FIG. 7B shows changes of a relationship between reflectivity and an incident electric field in the case of different plasma electron densities according to the present disclosure;

FIG. 8A shows changes of a relationship between a transmitted electric field and an incident electric field in the case of different incident angles according to the present disclosure; and

FIG. 8B shows changes of a relationship between reflectivity and an incident electric field in the case of different incident angles according to the present disclosure.

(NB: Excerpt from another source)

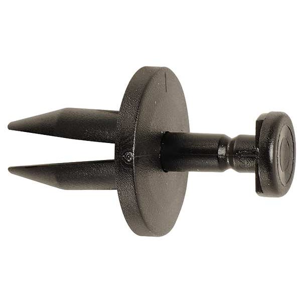 Push Retainer,Black,Flat,14mm L,PK50, System of Measurement Inch, Material Plastic, Head Type Flat, Head Diameter 21/32 in, Color Black, Maximum Hole Diameter 0.375 in, Product Type Push-In Rivet, Manufacturer Location Globally Sourced, Body Length 14 mm, Material Grade/Class Ungraded, Package Quantity 50

DETAILED DESCRIPTION OF THE EMBODIMENTS

The technical solutions of the embodiments of the present disclosure are clearly and completely described below with reference to the accompanying drawings in the embodiments of the present disclosure. Apparently, the described embodiments are merely a part rather than all of the embodiments of the present disclosure. All the other embodiments derived by those of ordinary skill in the art based on the embodiments of the present disclosure without creative efforts shall fall within the protection scope of the present disclosure.

Embodiment 1

Referring to FIG. 1, a graphene-based optical bistable device with a ternary photonic crystal structure includes a ternary photonic crystal structure, a defect layer C, and a graphene layer G. The ternary photonic crystal structure is a periodic photonic crystal structure formed by three alternately-arranged dielectric layers A, B, and P with different dielectric constants. The dielectric layer A is made of a ZrO₂ material, the dielectric layer B is made of a Si material, and the dielectric layer P is made of an anisotropic plasma material. Two defect layers C are embedded in the ternary photonic crystal structure, and then the graphene layer G (film layer of graphene) is covered between the two defect layers C to form a composite structure Air/(ABP)^N1CG^MC(ABP)^N2/Air through permutation and combination, and the composite structure is suitable for a terahertz band.

In the above composite structure, M, N₁, and N₂ each represent a quantity of spatial cycles and are positive integers, (ABP)^N represents the ternary photonic crystal structure, a quantity of spatial cycles of the ternary photonic crystal on a left side of the defect layer C, namely, the N₁, is equal to 2, a quantity of spatial cycles of the ternary photonic crystal on a right side of the defect layer C, namely, the N₂, is equal to 3, and the M is equal to 1. A thickness of the dielectric layer A is 30 μm, a thickness of the dielectric layer B is 21.28 μm, and a thickness of the dielectric layer P is 60 μm. A thickness of the defect layer C is 30 μm, and a thickness of the graphene layer G is 0.33 nm. The defect layer C is filled with air and has a refractive index of n₀=1.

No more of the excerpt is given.